У меня невольно сдавило горло, влажная пелена навернулась на глаза. В это время зазвонил телефон. Я дернулся было к трубке, но она сказала:
— Не подходи.
— И я тебя люблю, — сказал я и почувствовал, что не соврал.
Мы сидели друг против друга и слушали, как надрывался телефон. Наконец он смолк.
— Спасибо, — сказала Люда.
— Ты сошла с ума. Разве за это благодарят?
— У меня какое-то дурное предчувствие, — проронила Люда. — Мне тревожно.
Я чуть было не раскололся и не поведал ей о предсказании цыганки, но взял себя в руки и промолчал. Я подошел к ней, поднял со стула и начал беспорядочно целовать. Телефон зазвонил снова, требовательно и настойчиво.
— Ладно, последний раз подойду, а потом выдерну шнур из розетки.
Я оторвался от Люды, подошел к аппарату и поднес трубку к уху.
— Добрый вечер. Это Олег Владимирович? — спросил мужской голос. — Горюнов?
— Добрый вечер, — отозвался я. — Слушаю вас.
— Попросите, пожалуйста, Люду, — сказал голос. — Я знаю, что она у вас.
— Какую Люду? Куда вы звоните? — произнес я, — Вы ошиблись.
— Позовите Люду — мою жену. И не надо врать, что она не у вас. Она мне сама сказала, что отправляется к вам.

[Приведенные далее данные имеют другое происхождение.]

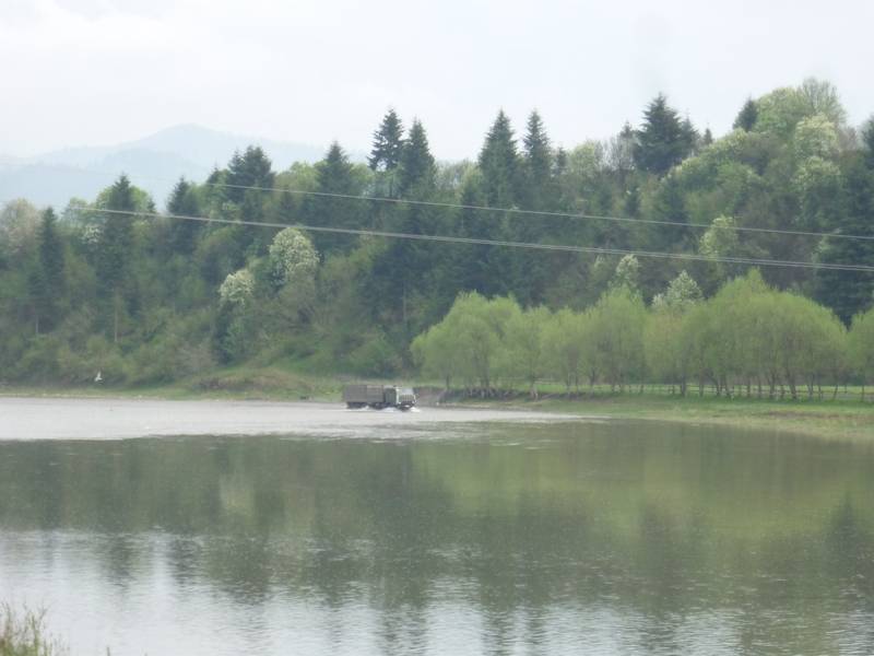 Лежа на его досках местные пацанята ловят рыбу. Вдруг с реки доносится натужное рычание дизеля. Оказывается это не лодка. Прямо по воде, причем вдоль течения едет или плывет грузовой КАМАЗ. Это же как надо не доверять своим дорогам чтобы вот так пытаться попасть с одного пункта в другой!
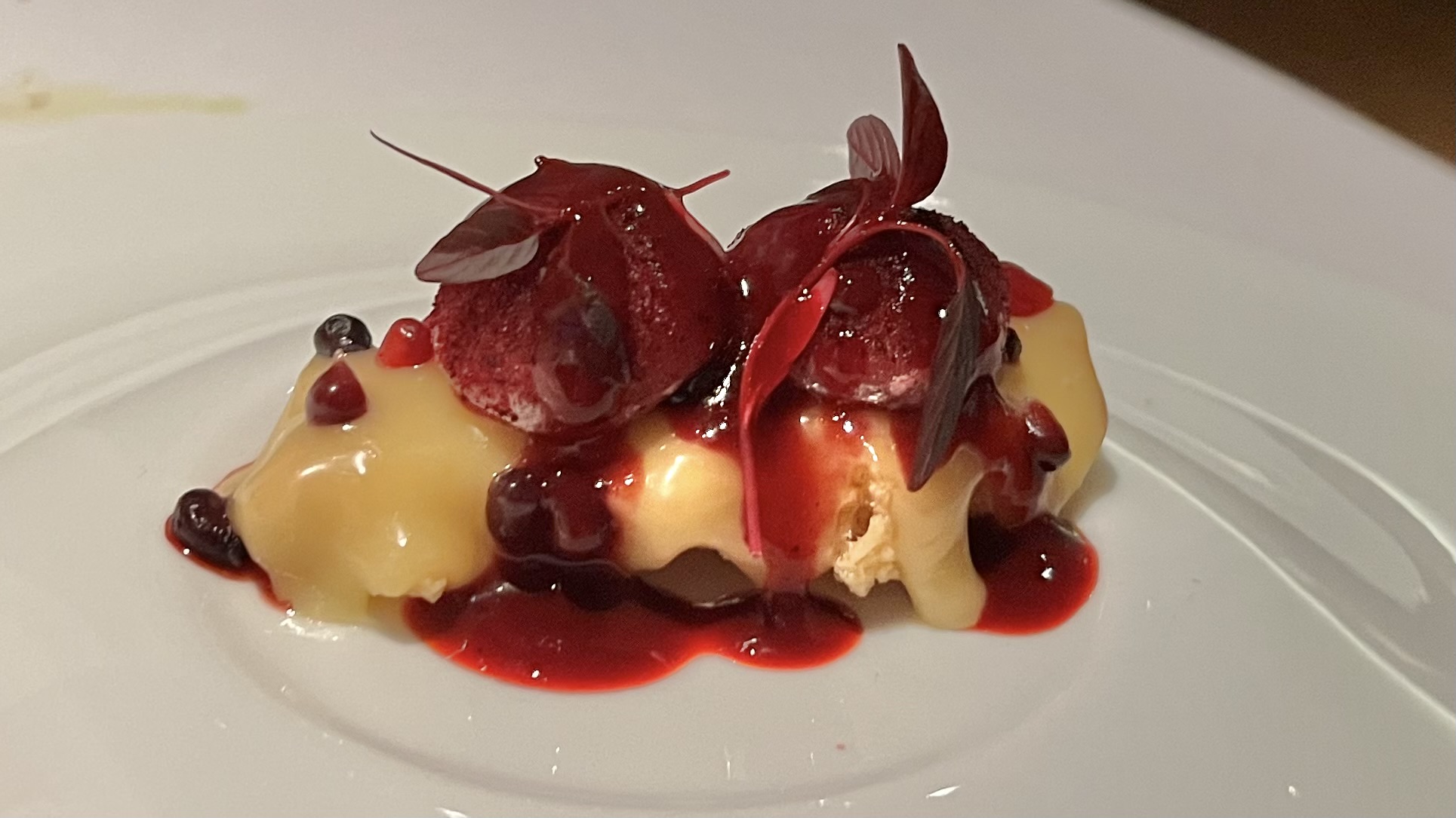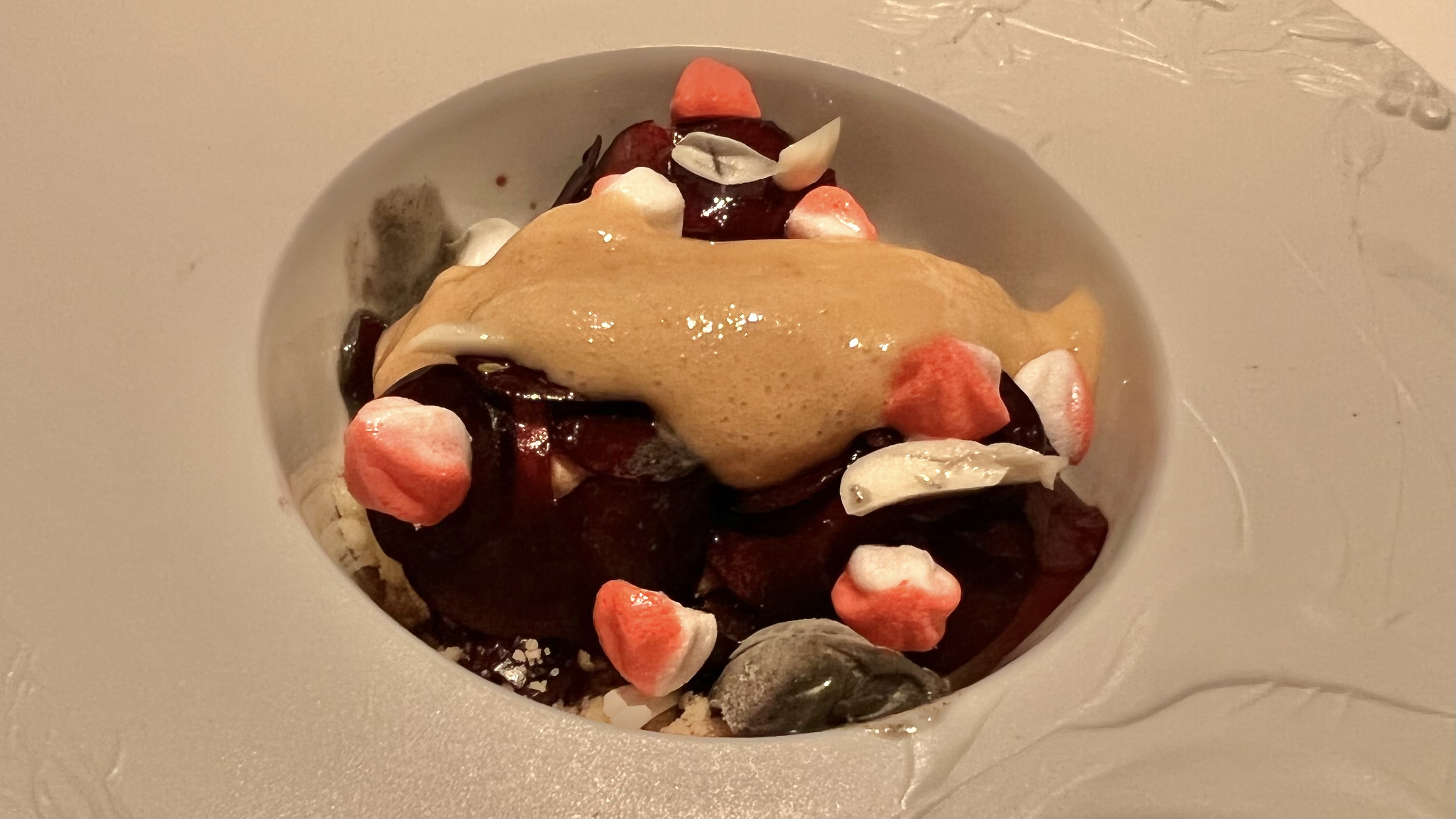 The dessert was cherries with sourdough, sesame seeds, almond, and magnolia. It was very complex and elegant, and the pairing with the Prunello was wonderful.

— Уверяю вас, вы ошибаетесь. Это недоразумение. Я не знаю никакой Люды. — Я сделал знак, чтобы Люда сняла трубку с параллельного аппарата. Она уже, видно, догадалась, кто звонит, и поспешно схватила трубку. Я продолжал:
— Тут какая-то ошибка.
— Хватит болтать. Я же слышал, как кто-то взял вторую трубку. Не сомневаюсь, это она.
— Слушайте, вы рехнулись! Вы ненормальный!
— Правильно. Сейчас я приеду и подстрелю тебя и ее. И меня оправдают, потому что я действительно рехнулся, а психов не осуждают. Слушай, Люда! Я знаю, что ты меня сейчас слушаешь. Ты меня знаешь. Я на ветер слов не бросаю. Не молчи. Имей мужество ответить. Немедленно приезжай домой.
Люда молчала, а я сказал:
— Повесьте трубку.
Трубку на том конце провода положили.
— Ты в самом деле сказала ему, что будешь у меня? — спросил я.
— Как я могла?! — Она помотала головой, — Он взял тебя на пушку.
— Откуда же он узнал, что ты здесь?
— Он ревновал меня к тебе, хотя и понимал, что у нас ничего не было. Он видел выражение моего лица, когда ты вел передачу по телевизору, видел, как я на тебя смотрела. Один раз у нас даже вышел скандал. Он хотел, чтобы я пошла с ним на день рождения человека, который для него был важен, а ты в этот вечер вел программу. Я уперлась и не пошла, и он понял причину. Обычно я безропотно подчинялась. Кроме того, твои книги. Я их читала часто. Он хорошо изучил меня и все сообразил. Я-то не удивлена этому.
— Понятно, — процедил я, проклиная себя, что откликнулся на звонок. — Глупо вышло…
— Надо немедленно уезжать, — с испугом сказала Люда, — Собирайся.
— Перестань паниковать… — хорохорился я. — Мы никуда не поедем.
— Ты его не знаешь. Я видела у него в ящике стола револьвер. А однажды он открыл при мне сейф…
— У вас дома есть сейф?
— Да, он держит в нем валюту. И я заметила там… по-моему, это был автомат… Его окружают люди… они способны на все. Надо бежать… Сломя голову…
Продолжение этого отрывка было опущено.